Hannes Schmid at Fotostiftung Schweiz (Zurich, Swiss)

Hannes Schmid – Never Look Back
Fotostiftung Schweiz
12 June to 19 September 2010

Hannes Schmid
The cowboy-hero riding across the apparently endless prairie and never looking back is a modern icon decisively shaped by photographic images – as for example in the legendary Marlboro advertising campaign. The Swiss photographer Hannes Schmid took countless photographs for that campaign. Disseminated worldwide on ads and posters, they have repeatedly inspired our visions of freedom and adventure. What is the secret behind the success of this figure? How do you create images so striking that they enter our collective memory? The exhibition at the Fotostiftung Schweiz provides insight into the production of a perfect illusion.
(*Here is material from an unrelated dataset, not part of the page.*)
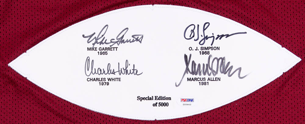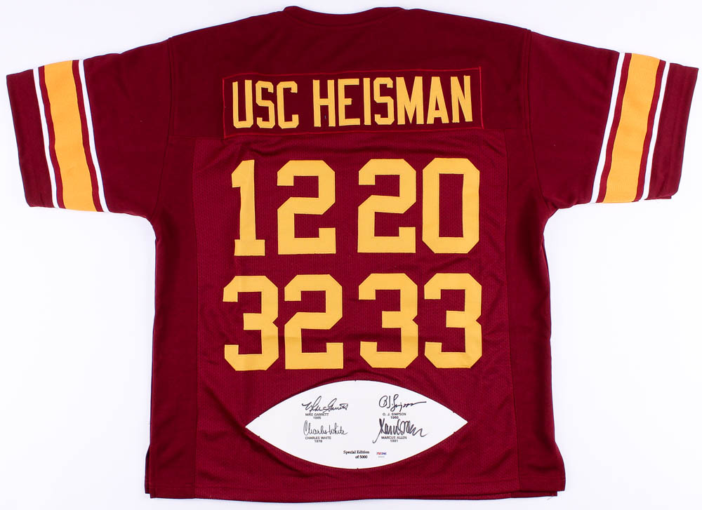 Mike Garrett, Charles White, O.J. Simpson & Marcus Allen Signed "USC Heisman" Jersey with Football Panel (PSA LOA)
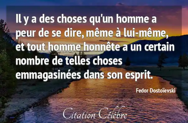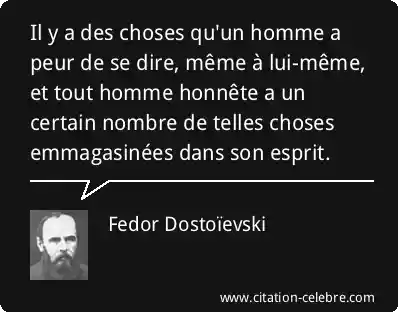 Il y a des choses qu'un homme a peur de se dire, même à lui-même, et tout homme honnête a un certain nombre de telles choses emmagasinées dans son esprit.

It throws light both on “the making of” and on the continued survival of a hero who, alongside Mickey Mouse, Tarzan or Barbie, is one of the most influential figures that never existed.
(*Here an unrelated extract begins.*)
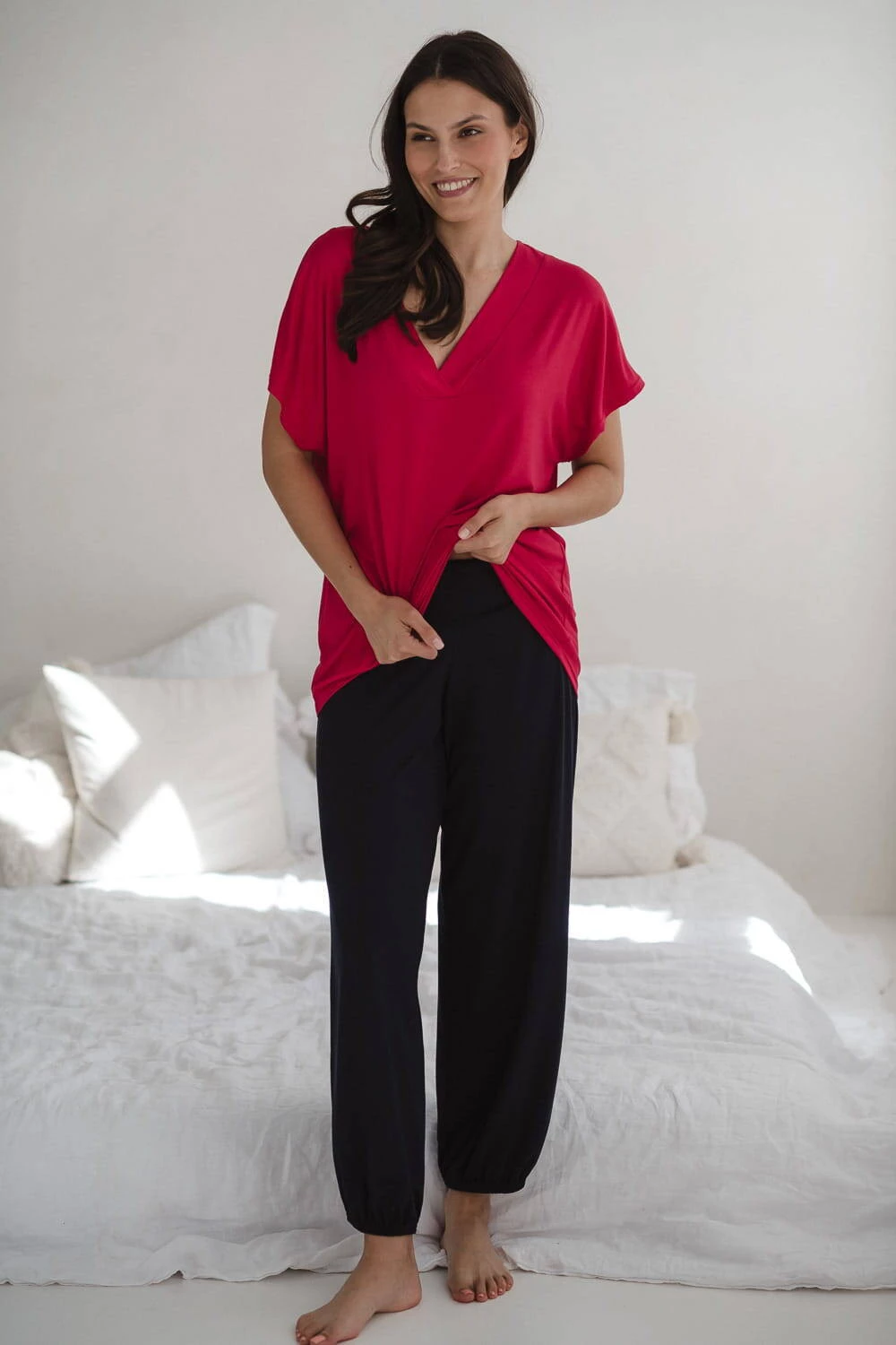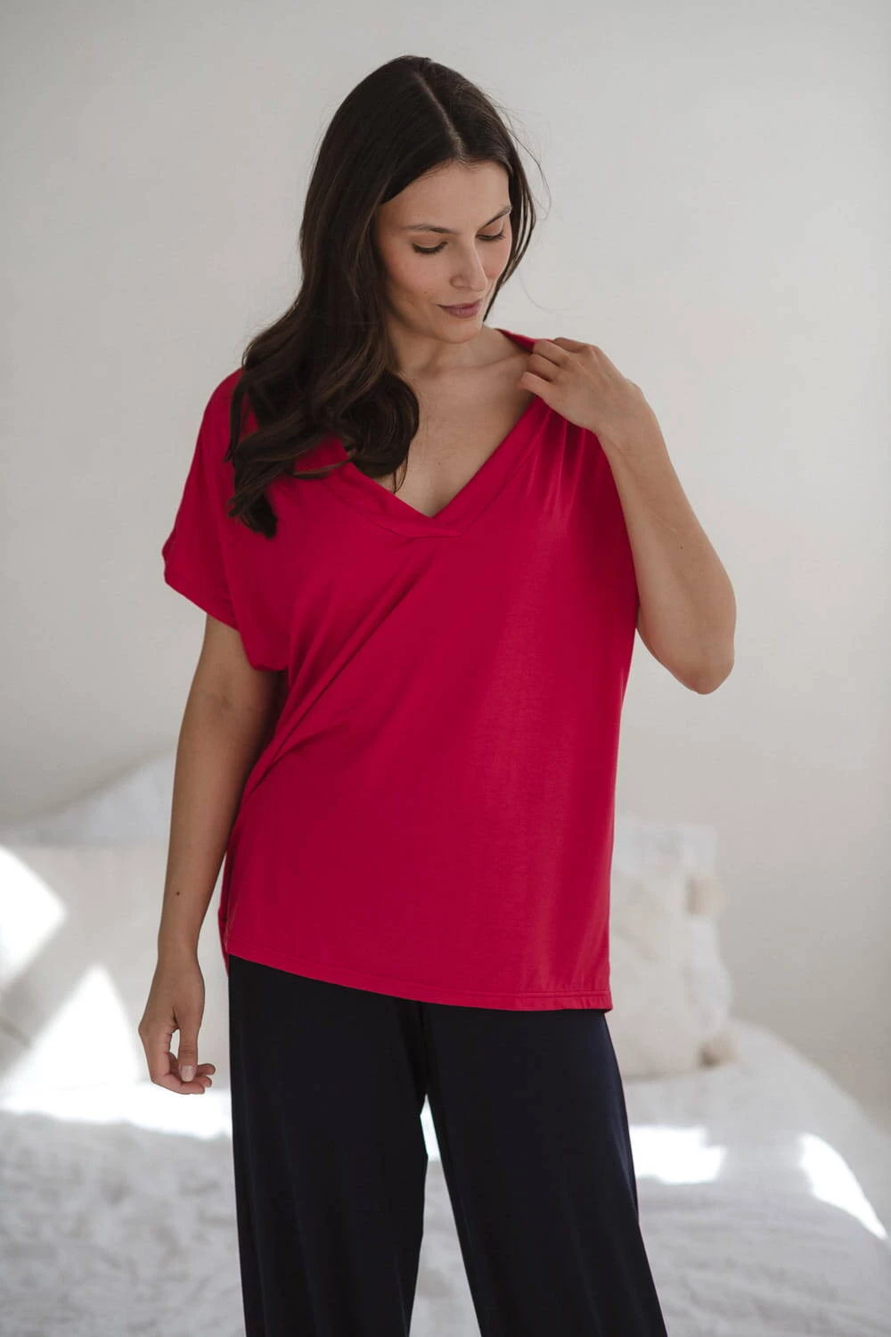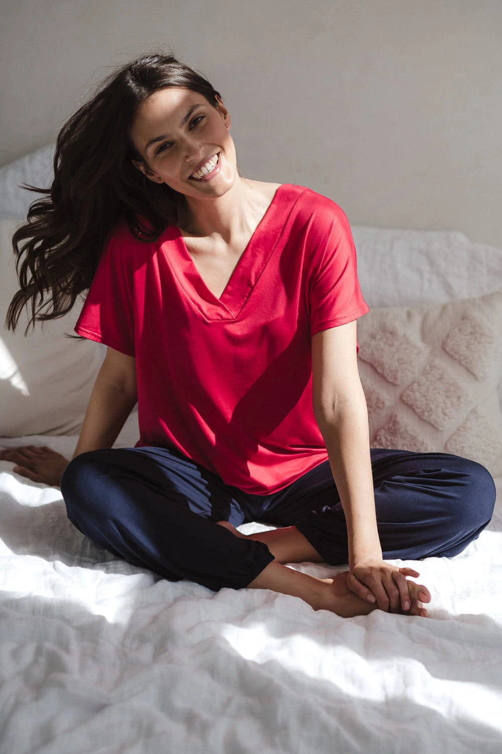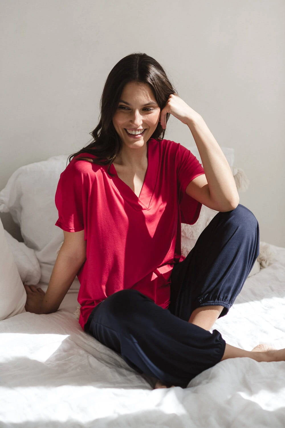 Bambusowa bluzka od piżamy ciążowej do karmienia krótki rękaw Moon malinowa
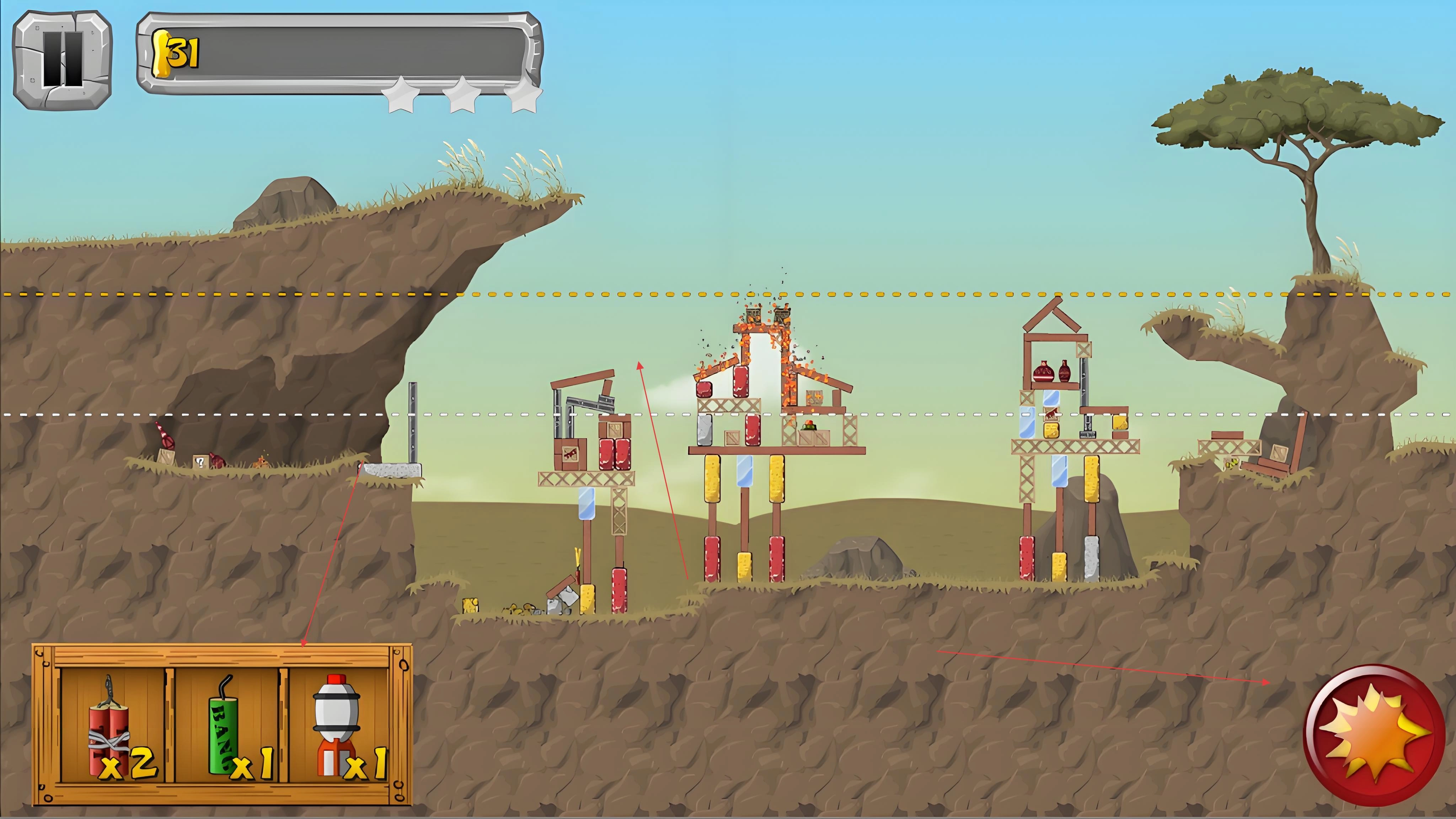 2、爆破策略规划:采用dynamite进行爆破作业时,按照「三角形布点法」来放置炸药。具体布局为底层设置3处炸药,中层布置2处炸药,顶层放置1处炸药。通过这样的布点方式,能够使建筑朝着指定方向平稳地倒塌。

Hannes Schmid was born in Zurich in 1946. He photographed the Marlboro man between 1993 and 2002. Prior to that he had made a name for himself as a reporter, a photographer of rock groups, and through his work for Vogue, Elle, Cosmopolitan, Harper’s Bazaar and Stern. In the field of fashion photography he was known, among others things, for his unusual stagings – pictures which are definitely arranged yet seem like reportage. For the Marlboro commission he succeeded in giving new facets to lend an already established icon.

In addition to commercial commissions Schmid was also frequently involved in free art projects (Maha Kumbh Mela, 2001, For Gods Only, 1998-2006). More recently he has been falling back on his cowboy photographs as models for monumental, photorealistic paintings which he executes in months of meticulously fine work. The result is not deconstruction but an ironic heightening: scenes captured on film in a fraction of a second thus lose their fleeting and fragmentary character.

The exhibition is supported by Dettling & Marmot AG with „The Macallan Rankin“ project, Swiss Federal Office of Culture, Berne, Studio Arte, Zurich, and Ronny Ochsner/Tricolor, Zurich.